Si ces derniers relèvent volontiers le caractère incontournable de tels vecteurs de communication, ils se montrent pour le moins réticents à s’épancher sur le sujet. « Ma faible pratique des réseaux sociaux pourrait être perçue comme une stratégie mais, en toute honnêteté, elle est surtout imputable à un manque d’investissement personnel sans doute mâtiné de méfiance native à l’égard de ces médias », relève la responsable d’un ministère régalien. D’autres parmi ses homologues évoquent une question « pas évidente » ou affirment tout bonnement ne pas avoir d’expérience ou d’« orientations » à développer sur l’usage de ces réseaux sociaux. Autant de preuves d’un certain malaise. Dans les faits, plusieurs DAC disposent de comptes sur les réseaux sociaux, en particulier sur LinkedIn. À de rares exceptions près, leur expression reste néanmoins limitée au simple relais des actions et actualités de leur direction ou du champ ministériel dont ils relèvent. Un manque d’implication qui trouve notamment sa source dans le positionnement qui est le leur.
Ces décideurs restant souvent dans l’ombre du politique, c’est en effet ce monde politique – responsable devant les citoyens, à la différence des hauts fonctionnaires – qui garde encore le monopole de l’expression publique.
« On se met à portée de baffes »
Certains décideurs publics sont néanmoins plus propices à s’investir sur les réseaux sociaux, du fait de leur position particulière, mais aussi par délégation du politique. C’est le cas des préfets, relais territoriaux de la parole de l’État et de la politique de sécurité, ainsi que des diplomates. « Les directeurs d’administration centrale ne sont pas des personnalités publiques, personne ne les connaît, ils sont peu présents sur les réseaux sociaux et n’ont pas forcément vocation à y être, souligne l’un d’entre eux. Les ambassadeurs, quant à eux, présentent cette particularité d’être à la fois des fonctionnaires et des représentants de la France à l’étranger. »

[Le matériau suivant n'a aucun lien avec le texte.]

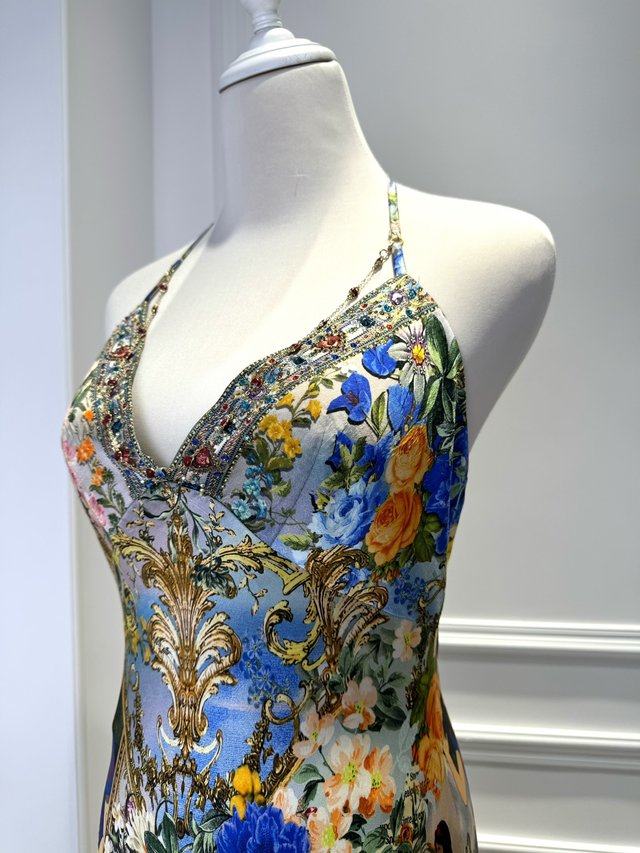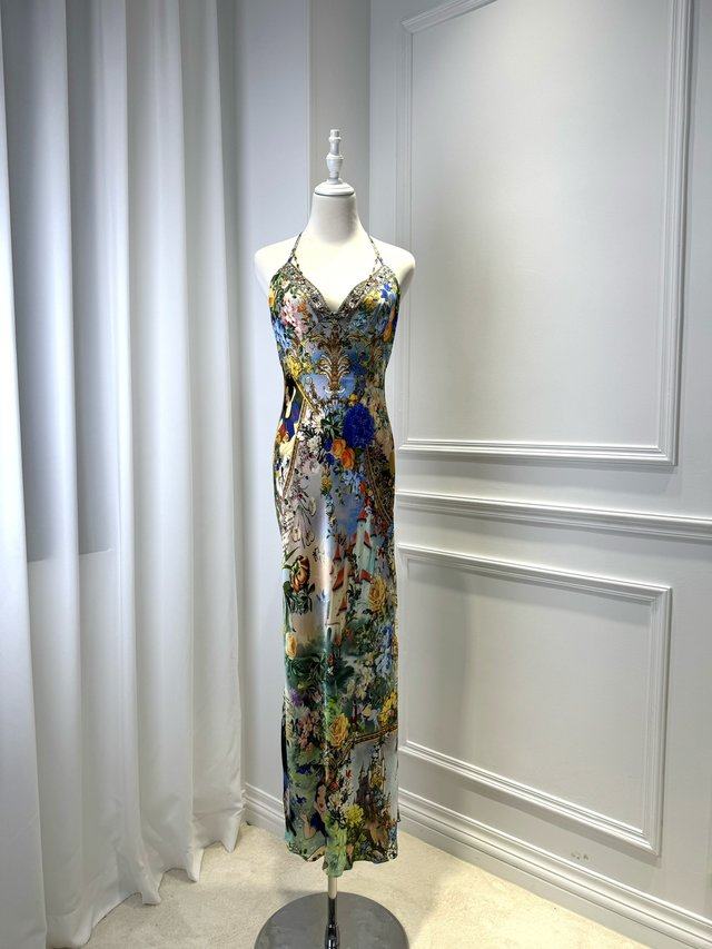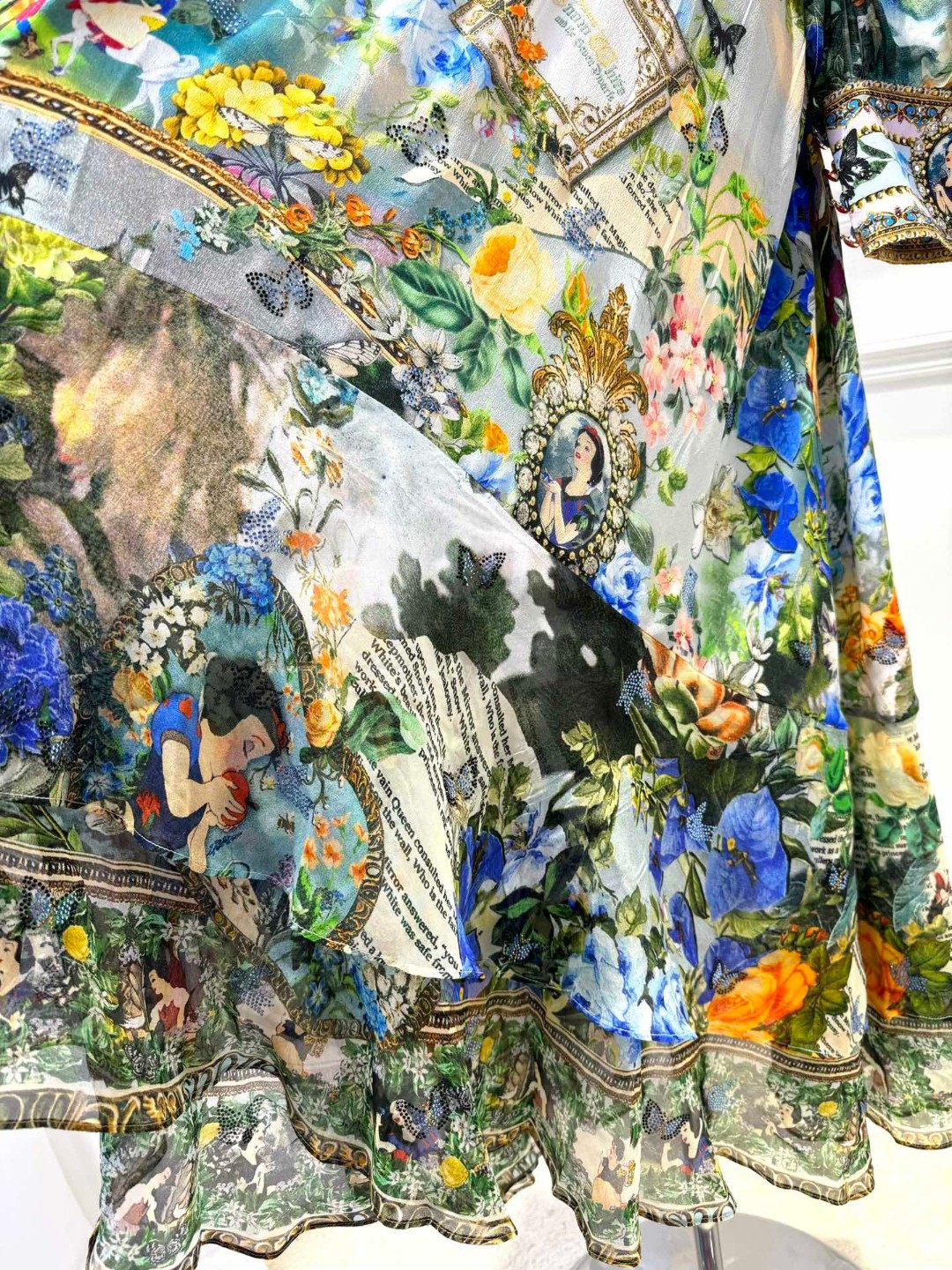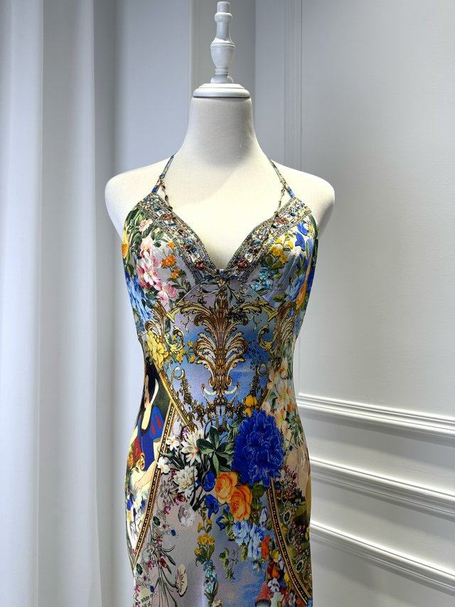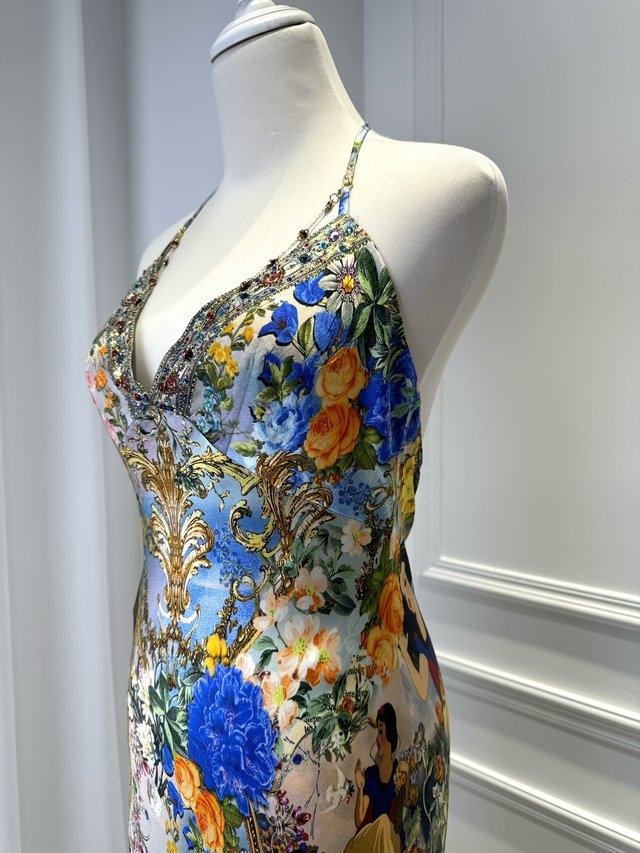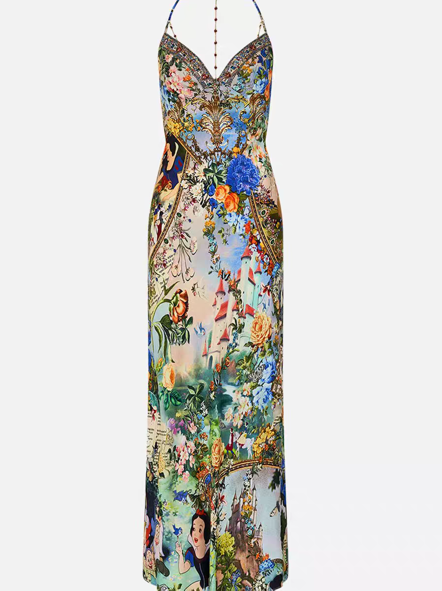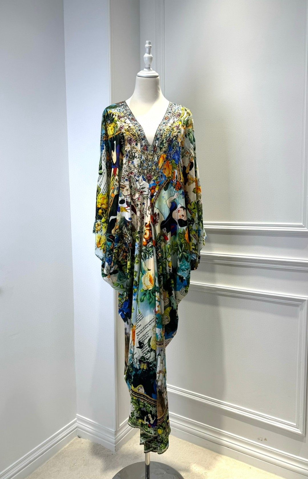 Camilla 100% Silk Beach Vacation High-end Style V-neck Women Dress

Le Conseil d’État pousse à un usage plus intensif des réseaux sociaux par l’administration
Mais alors, comment expliquer la réticence des décideurs publics à utiliser les réseaux sociaux ? S’ils en sont si peu adeptes, c’est pour plusieurs raisons. Comme le relève le Conseil d’État dans son étude annuelle, les réseaux sociaux constituent un formidable outil d’interaction directe avec les citoyens. Le Palais-Royal recommande donc un « usage plus intensif » des réseaux dans le secteur public. Mais cette interaction est aussi à double sens, et à double tranchant. « Aller sur ces réseaux sociaux peut être très puissant, notamment, dans le cas de l’IGN, pour toucher des communautés techniques et montrer que nous ne sommes pas une administration fermée sur elle-même, mais on se met d’abord et avant tout à portée de baffes », résume le directeur général de l’Institut national de l’information géographique et forestière (IGN), Sébastien Soriano. Surtout sur Twitter où, de l’avis général, les internautes sont plus politisés, plus directs et plus virulents. L’Agence nationale des titres sécurisés (ANTS) en a fait les frais. En 2018, au moment de la dématérialisation des titres, et en particulier des bugs liés aux cartes grises, celle-ci s’est créé un compte Twitter, vu par les usagers comme un véritable canal d’interpellation et de réponse à leurs difficultés.
Une insatisfaction à laquelle l’agence est indéfiniment renvoyée dans les commentaires, quel que soit l’objet de son post. À tel point que son compte est aujourd’hui verrouillé pour limiter les réponses à ses publications, plus institutionnelles.
Stratégies propres
Il n’existe pas, à ce jour, de guide très élaboré établissant une stratégie d’utilisation des réseaux sociaux à l’échelle de l’État. Des chartes circulent ici ou là, notamment dans les préfectures. Au niveau interministériel, le service d’information du gouvernement (SIG) prescrit des règles de forme, sur le bon respect de l’identité visuelle de l’État. Il donne aussi quelques clés sur la manière d’interagir avec les citoyens : supprimer les contenus problématiques, répondre en priorité aux commentaires demandant une information et limiter toutes les interactions non verbales, comme les retweets, « likes » et autres partages, aux seuls comptes de la sphère publique, ce afin d’« éviter d’associer publiquement votre administration à des profils dont vous ne maîtrisez ni les propos ni le comportement », indique la charte du SIG. Mais dans la pratique, leur usage reste à la main des administrations et plutôt souple. Il dépend surtout du type d’administration, de la culture maison et de son dirigeant, de son niveau d’exposition au public et de la sensibilité politique de ses dossiers.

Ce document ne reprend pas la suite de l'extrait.